__Exercise data__.
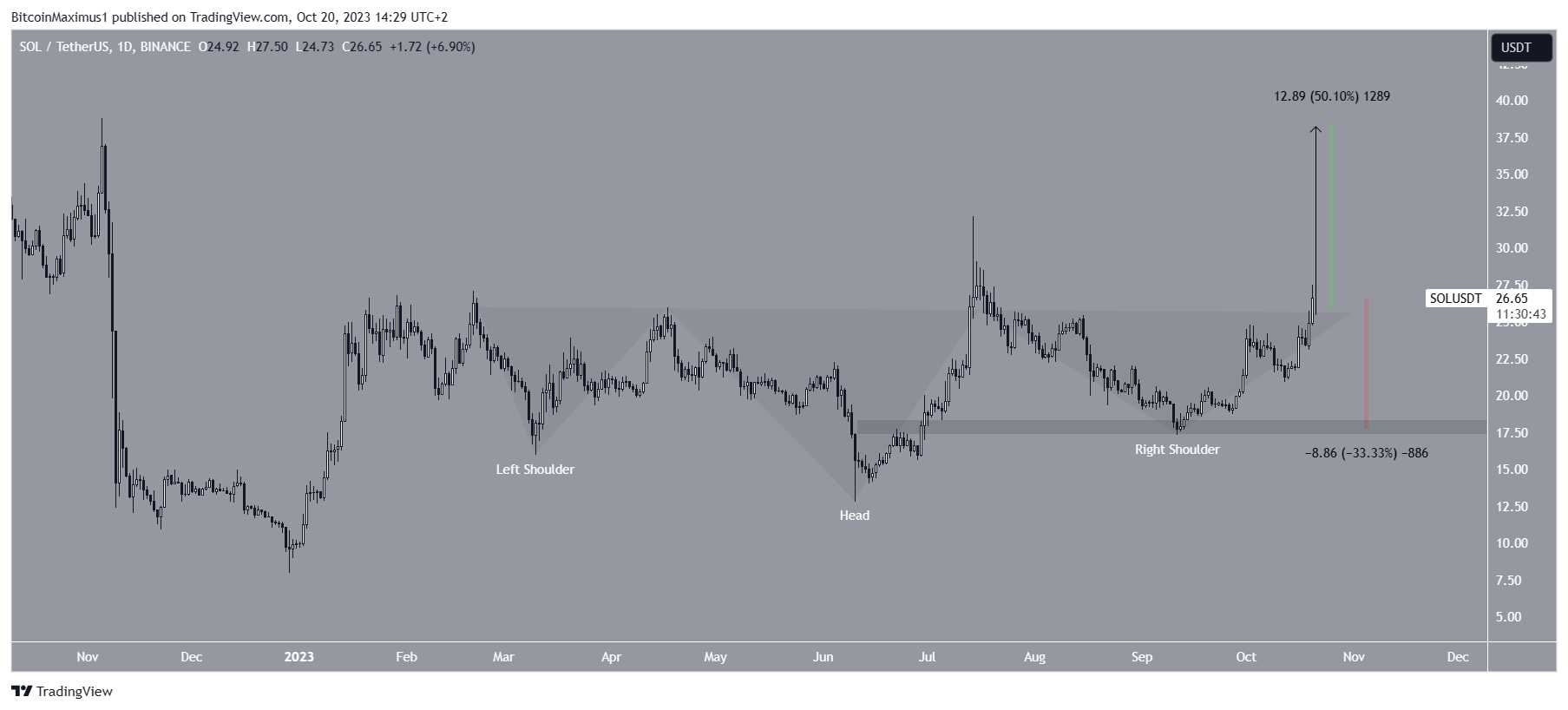 O gráfico diário mostra que a Solana estava em um padrão inverso de cabeça e ombros desde fevereiro. O padrão é considerado de alta, geralmente gerando rompimentos acima dele.
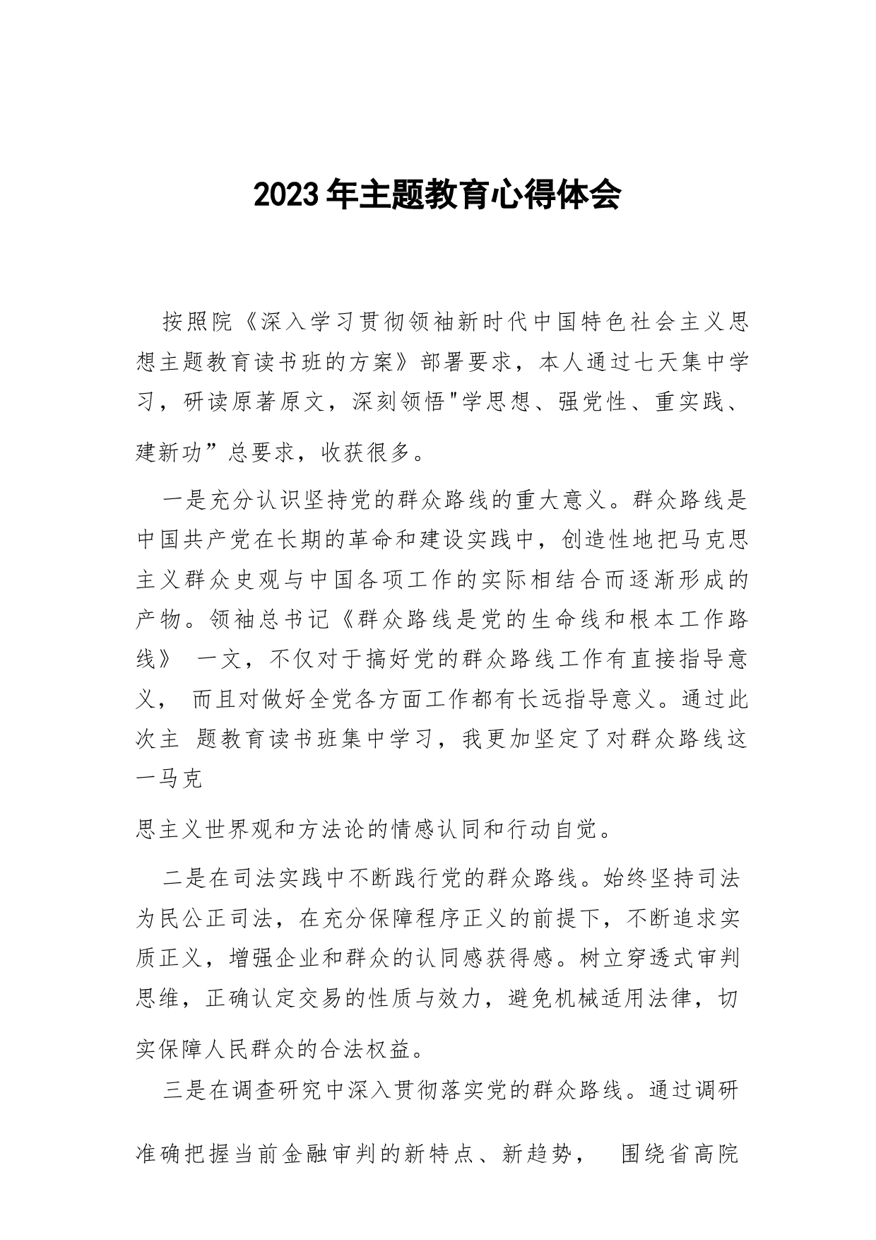 2023年主題教育心得體會(huì)按照院《深入學(xué)習(xí)貫徹領(lǐng)袖新時(shí)代中國(guó)特色社會(huì)主義思想主題教育讀書(shū)班的方案》部署要求,本人通過(guò)七天集中學(xué)習(xí),研讀原著原文,深刻領(lǐng)悟"學(xué)思想、強(qiáng)黨性、重實(shí)踐、建新功”總要求,收獲很多。一是充分認(rèn)識(shí)堅(jiān)持黨的群眾路線的重大意義。群眾路線是中國(guó)共產(chǎn)黨在長(zhǎng)期的革命和建設(shè)實(shí)踐中,創(chuàng)造性地把馬克思主義群眾史觀與中國(guó)各項(xiàng)工作的實(shí)際相結(jié)合而逐漸形成的產(chǎn)物。領(lǐng)袖總書(shū)記《群眾路線是黨的生命線和根本工作路線》一文,不僅對(duì)于搞好黨的群眾路線工作有直接指導(dǎo)意義,而且對(duì)做好全黨各方面工作都有長(zhǎng)遠(yuǎn)指導(dǎo)意義。通過(guò)此次主題教育讀書(shū)班集中學(xué)習(xí),...
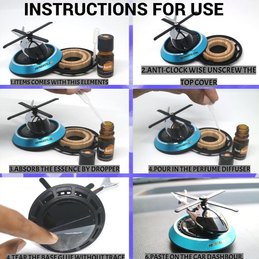 Bring freshness and style to every drive with the Blessed Charm Car Aroma Diffuser Helicopter. Designed to enhance your car interior, this unique helicopter-shaped diffuser spreads a pleasant fragrance while adding a premium decorative touch to your dashboard or air vent. Its rotating propeller design creates an attractive visual effect, making it both functional and stylish for daily use.

__What this task involves__. Without including any pictures, print all of the material exactly as given.

__Output below__.
 O gráfico diário mostra que a Solana estava em um padrão inverso de cabeça e ombros desde fevereiro. O padrão é considerado de alta, geralmente gerando rompimentos acima dele.
 2023年主題教育心得體會(huì)按照院《深入學(xué)習(xí)貫徹領(lǐng)袖新時(shí)代中國(guó)特色社會(huì)主義思想主題教育讀書(shū)班的方案》部署要求,本人通過(guò)七天集中學(xué)習(xí),研讀原著原文,深刻領(lǐng)悟"學(xué)思想、強(qiáng)黨性、重實(shí)踐、建新功”總要求,收獲很多。一是充分認(rèn)識(shí)堅(jiān)持黨的群眾路線的重大意義。群眾路線是中國(guó)共產(chǎn)黨在長(zhǎng)期的革命和建設(shè)實(shí)踐中,創(chuàng)造性地把馬克思主義群眾史觀與中國(guó)各項(xiàng)工作的實(shí)際相結(jié)合而逐漸形成的產(chǎn)物。領(lǐng)袖總書(shū)記《群眾路線是黨的生命線和根本工作路線》一文,不僅對(duì)于搞好黨的群眾路線工作有直接指導(dǎo)意義,而且對(duì)做好全黨各方面工作都有長(zhǎng)遠(yuǎn)指導(dǎo)意義。通過(guò)此次主題教育讀書(shū)班集中學(xué)習(xí),...
 Bring freshness and style to every drive with the Blessed Charm Car Aroma Diffuser Helicopter. Designed to enhance your car interior, this unique helicopter-shaped diffuser spreads a pleasant fragrance while adding a premium decorative touch to your dashboard or air vent. Its rotating propeller design creates an attractive visual effect, making it both functional and stylish for daily use.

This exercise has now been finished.